Farpas sino-americanas contribuem para o quadro
Segundo o MAPA, em geral, as exportações do agronegócio foram recordes para o mês de junho de 2020, com registros de vendas externas de US$ 10,17 bilhões (cerca de R$ 54,4 bilhões). Houve crescimento de 24,5% em relação às exportações de junho de 2019 (US$ 8,17 bilhões, ou cerca de R$ 43,7 bilhões, na cotação atual).
Conforme Palermo, um for fatores que influenciou o aumento das exportações do setor corresponde aos atritos entre os EUA e a China.
"A China está comprando 40% de tudo que o agronegócio exporta [...]. O conflito entre a China e os EUA está aumentando, agora por conta de Hong Kong, tecnologia e outras questões, então a China não está cumprindo o acordo [comercial] Phase One [firmado com os EUA]. E como o Brasil compete diretamente com os EUA, as exportações brasileiras acabam preenchendo a demanda chinesa."
Além disso, a China se recuperou mais rápido da pandemia e começou a aumentar as importações, principalmente, de comida, ressaltou a analista.
Lições da pandemia para o setor
Não obstante resultados positivos, a pandemia virou um papel tornassol para o agronegócio, expondo alguns pontos fracos do setor. Em entrevista à Sputnik Brasil, as analistas destacaram alguns deles.

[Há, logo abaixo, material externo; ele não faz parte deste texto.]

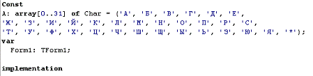 Процедура дешифрования реализована в обработчике события onClick кнопки Button2.
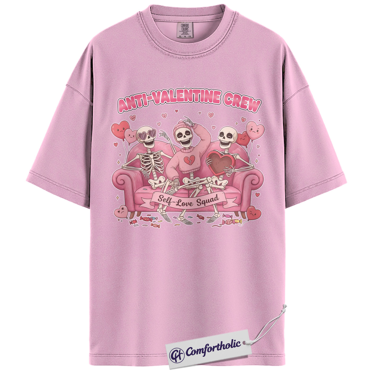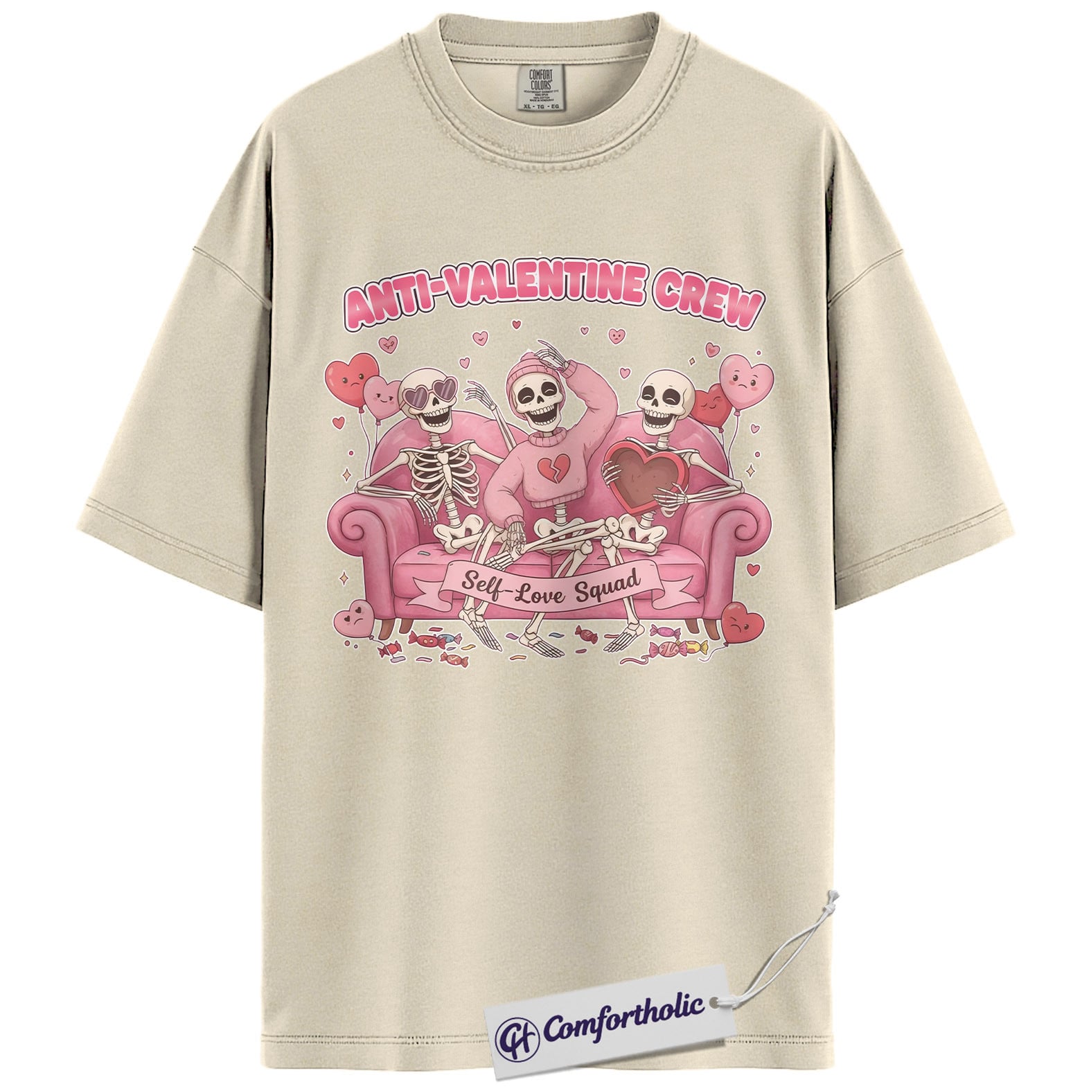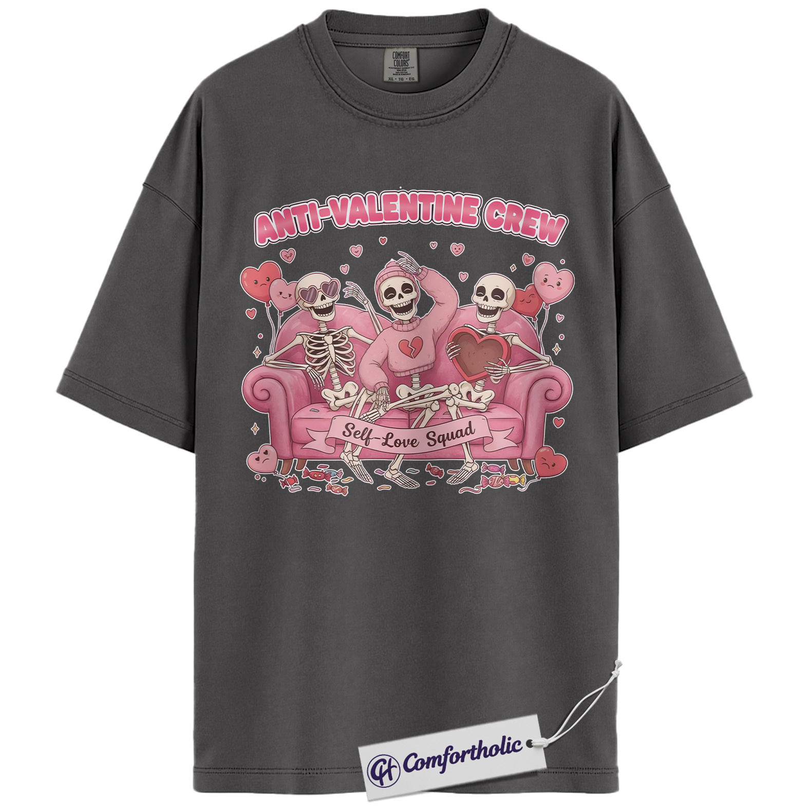 Anti Valentine Crew Shirt, Funny Skeleton Self Love Graphic Tee, Sarcastic Anti Valentine T-Shirt, Valentine’s Day Gift for Single Women & Besties, Comfort Colors Shirt
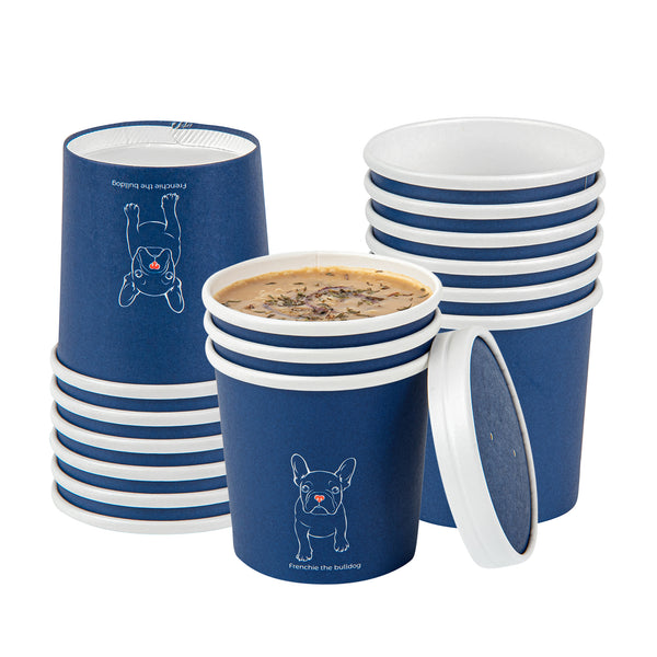 Crafted from sturdy paper that withstands both hot and cold foods, these paper soup containers are versatile. They retain their shape and are freezable.

"O maior problema gerado pela pandemia é a questão fiscal, o aumento da dívida pública. Além disso, o problema crônico do Brasil é a baixa produtividade", opinou Palermo.
De acordo com ela, a participação do comércio exterior no PIB do Brasil fica em torno de 23%, "muito abaixo da média mundial". Já o aumento dessa participação contribuiria bastante para o desempenho econômico em geral e com o desempenho do agro.
A analista reforçou que a imagem do Brasil criada no exterior à luz do aumento de desmatamento da Floresta Amazônica também contribui negativamente na questão da produtividade.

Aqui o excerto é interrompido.